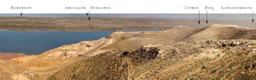 "Heródes júdeai erődjeiről készült panorámafelvétel és térkép. Délről észak felé: Maszada, Machaerus, Herodion, Hürkania, Jeruzsálem, Küprosz, Dok és Alexandreion." (Forrás: http://www.magyarszemle.hu/galeria/2016_4)
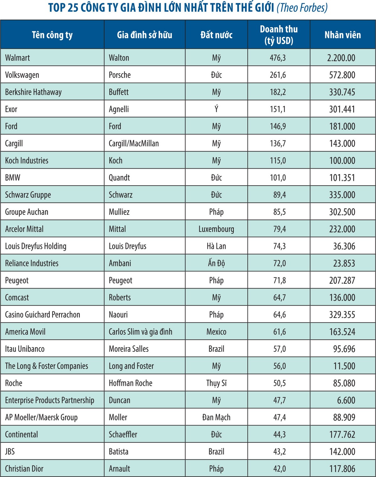Tại Mỹ, doanh nghiệp tư nhân tạo 78% việc làm mới mỗi năm, với 60% tổng số nhân lực trên thị trường. Trong khi đó, các công ty gia đình hiện chiếm tới 1/3 danh sách doanh nghiệp thuộc chỉ số S&P 500, 40% trong số 250 công ty lớn nhất Pháp và Đức, hơn 60% doanh nghiệp lớn nhất tại Đông Á và châu Mỹ Latin.
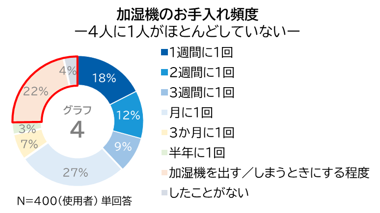 冬場使用中のお手入れ頻度の質問に対して、月1回以上お手入れしている人が約65%。一方で、約22%は加湿機を出す/しまうときにする程度、約4%はお手入れをしたことがないと回答しています。

## Aim of the task
Omit any images, then output the listing exactly.

## Exercise answer
 "Heródes júdeai erődjeiről készült panorámafelvétel és térkép. Délről észak felé: Maszada, Machaerus, Herodion, Hürkania, Jeruzsálem, Küprosz, Dok és Alexandreion." (Forrás: http://www.magyarszemle.hu/galeria/2016_4)
Tại Mỹ, doanh nghiệp tư nhân tạo 78% việc làm mới mỗi năm, với 60% tổng số nhân lực trên thị trường. Trong khi đó, các công ty gia đình hiện chiếm tới 1/3 danh sách doanh nghiệp thuộc chỉ số S&P 500, 40% trong số 250 công ty lớn nhất Pháp và Đức, hơn 60% doanh nghiệp lớn nhất tại Đông Á và châu Mỹ Latin.
 冬場使用中のお手入れ頻度の質問に対して、月1回以上お手入れしている人が約65%。一方で、約22%は加湿機を出す/しまうときにする程度、約4%はお手入れをしたことがないと回答しています。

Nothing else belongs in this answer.